As a young group of lads hailing from Cavan, Ireland, the subject of The Strypes’ relative youthfulness has rarely escaped an interview, yet with half the band’s members having now reached the age of majority, this particular focus seems entirely irrelevant.
You need only look to their influences – the blues of the early Stones or Eddie Cochran, the raw punk of The Sex Pistols or The Undertones – to see that much musical greatness over the decades has come from the youth, for the youth.
“I guess it’s kind of fallen out of fashion for young bands to be getting their name out at our age,” offers drummer Evan Walsh, when asked what he makes of it all.
“Our big point of reference when people say that is you look at the punk rock bands, the majority of them were under 20 when they were making albums. The Undertones or even The Sex Pistols – I think Johnny Rotten was about 17 when they came out. That’s the whole point in that music movements are youth movements as well, so generally it’s about teenagers. Rock’n’roll when it came out in the ’50s, that’s what the whole intention was: it was aimed at teenagers, but as generations have gone on, it’s a more broader age that people are interested in.”
Had their chosen genre been the mainstream-manufactured pop of bands such as those generated by the X-Factor machine, perhaps their age would seem of no relevance to the media. Yet attempting to tackle the heart-wrenching emotiveness of the blues (in its truest sense) is ambitious for a group of teenagers who, lacking the decades of emotional hardship experienced by other blues artists, might be taken as insincere.

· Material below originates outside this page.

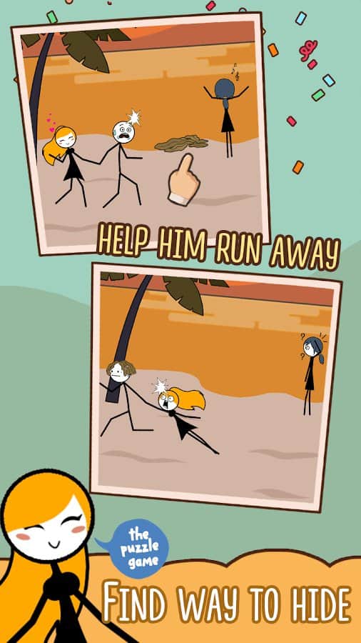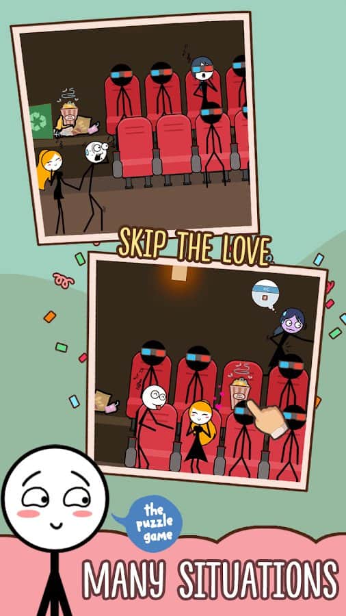 Игра Skip Love - это сочетание головоломок и веселья, ведь нужно спасать мужчину от сложных ситуаций. У него есть хорошая жена, но и любовница. И иногда случается так, что жена может их застукать, ведь она давно подозревает мужа и следит за ним. Поэтому проходите уровни, помогая спрятать все улики и саму любовницу. Будет много локаций, в которых нужно подумать как использовать окружающую среду: спрятаться за кустами, елкой, шарами, в машине, за водой, дарить цветы жене, кинуть попкорн на место жены и прочие действия.

“It’s kind of like treating blues music in different ways: you can have the power and intensity of someone like Howlin’ Wolf, he can be really raw and passion and blues howlin’ – we obviously can’t do that for a number of reasons – or you can use the basis of it to create your own thing and your own songs,” Walsh explains.
“We were influenced by the music that was around us growing up because our parents were big music fans. We got very heavily interested in rhythm and blues, early ’50s rock’n’roll, ’70s punk and new wave, bands like Dr Feelgood, the early Stones’ stuff, The Byrds and The Animals, punk bands like Johnny Thunders and The Undertones, the original blues singers and real rock’n’rollers like Chuck Berry, Bo Diddley and Eddie Cochran.”

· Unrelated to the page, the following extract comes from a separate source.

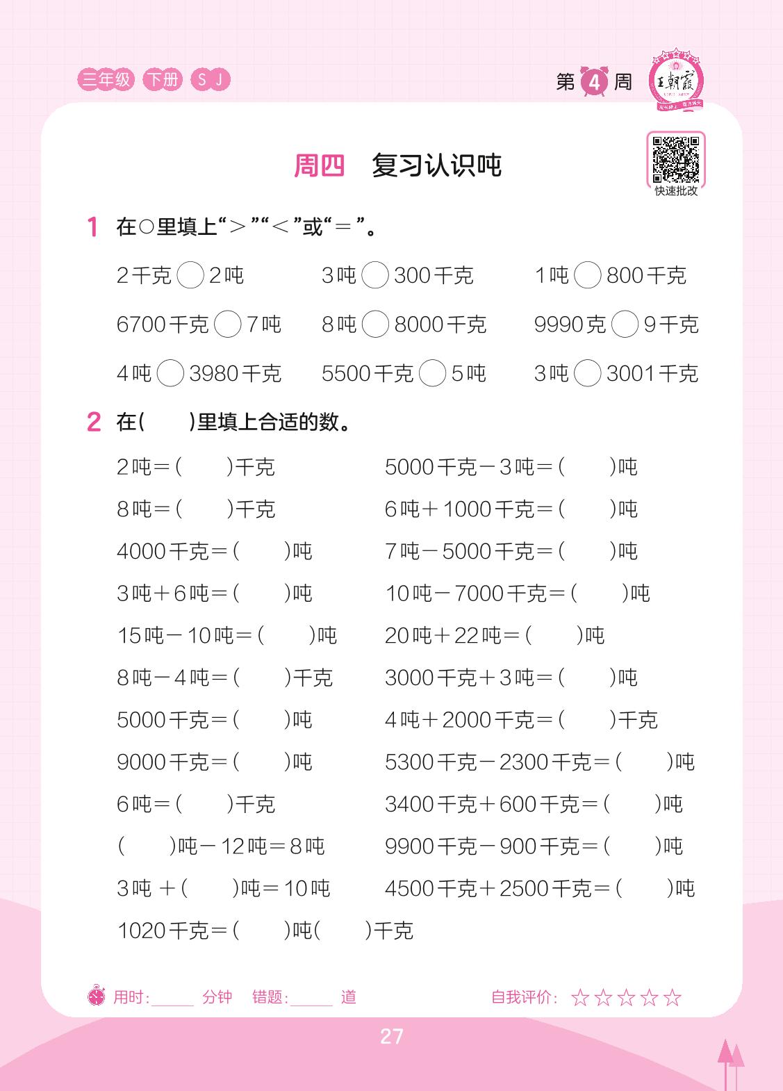 三年级数学苏教版下册专项卷

The Strypes have always worn their influences from decades gone by on their musical sleeves (even their name is a shout-out to bands like The Byrds and The Beatles), and while they find some of their contemporaries exciting musically, they strive not to be influenced by them.
“While there are people around that we like what they’re doing – Jack White, The Black Keys, Jake Bugg, and The Jim Jones Revue are an English rock’n’roll band that we all quite like,” Walsh offers, “we wouldn’t take a very strong influence from any contemporary bands because that would seem too easy, to say we’re influenced by some of the biggest bands at the minute, you’re not digging too deep, not doing your own thing. You can be similar, musically, in some ways or play the same style, but to find our own unique influence is what we’d be interested in.”